Silent, Roake shifted at the doorpost.

"I don't think she did it, Gina. That's why I said that. She didn't do it."

But Gina had been in more than a few trials herself. "Well, you'd better defend her as though you think she did."

"Sure. Of course. That's about all I've been thinking about all these months. How to get her off."

"There you go."

"But it's all been strategy. Get the jury to go for murder/suicide. Play up the harassment angle with Cuneo. Hammer the weak evidence."

"Right. All of the above."

"But the bottom line is, somebody else did it."

She snorted. "The famous other dude." "No, not him. A specific human being that I've stopped trying to find." Roake was silent for a long moment. "A little free advice?"

"Sure. Always."

"Defend her as if you believed with all your heart that she's guilty as hell. You'll feel better later. I promise."

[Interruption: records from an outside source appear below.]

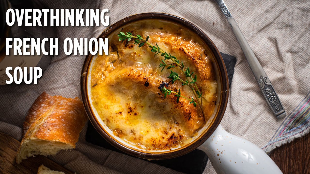 This French Onion Soup features heavily caramelized onions swimming in a rich broth topped with a lid of soup-soaked crostini and gooey gruyere cheese.
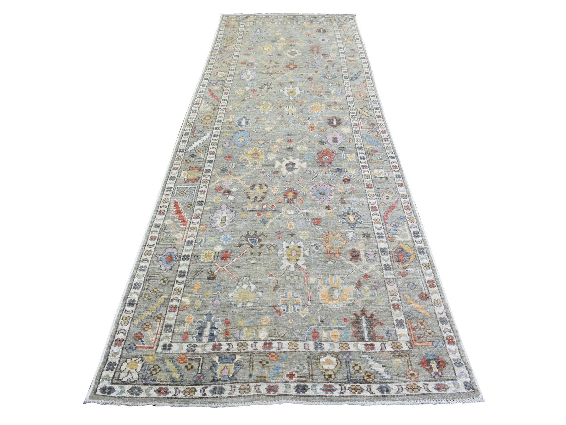 4'0" x 11'10" New Hand Knotted Grey Wool Runner Oriental Rug - MOA10272904
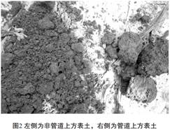 在臨澤縣沙河鎮(zhèn)化音村管道穿越的一農(nóng)戶農(nóng)田, 調(diào)查人員發(fā)現(xiàn)管道上方耕作層的土壤為黑灰色泥炭狀土, 無團粒結(jié)構(gòu), 粘接成塊; 同一地塊非管道上方的耕作層土壤雖也有摻雜的黑色泥炭土, 但土質(zhì)松軟、 團粒結(jié)構(gòu)良好(圖2) 。

But driving home, he couldn't get the idea out of his mind. So basic, so simple and yet he'd been ignoring it for months, lost to strategy and the other minutiae of trial preparation. If Catherine didn't kill them, someone else did. He had to get that message into the courtroom, in front of the jurors. In his career, he'd found nothing else that approached an alternative suspect as a vehicle for doubt. It struck him that Glitsky's failure to get an alternative lead to pursue-another plausible suspect- had derailed him from any kind of reliance on the "soddit," or "some other dude did it," defense. He never had come back to it, and he should have, because in this case some other dude had done it.

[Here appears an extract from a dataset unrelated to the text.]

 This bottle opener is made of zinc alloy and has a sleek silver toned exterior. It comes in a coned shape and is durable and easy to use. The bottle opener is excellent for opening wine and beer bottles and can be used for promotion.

It wasn't his client. It wasn't Catherine. Somehow, from the earliest weeks, and without any overt admission or even discussion of the question of her objective guilt, Hardy had become certain of that. This was a woman he'd known as a girl, whom he'd loved. They'd met nearly every day for months and months now, and even with all the life changes for both of them, every instinct he had told him that Catherine was the same person she'd been before. He'd been with her when she sobbed her way through The Sound of Music. One time the two of them had rescued a rabbit that had been hit by a car. She'd been a candy striper at Sequoia Hospital because she wanted to help people who were in pain. This woman did not plan and execute a cold-blooded killing of her father-in-law and his girlfriend and then set the house on fire. It just did not happen. He couldn't accept the thought of it as any kind of reality.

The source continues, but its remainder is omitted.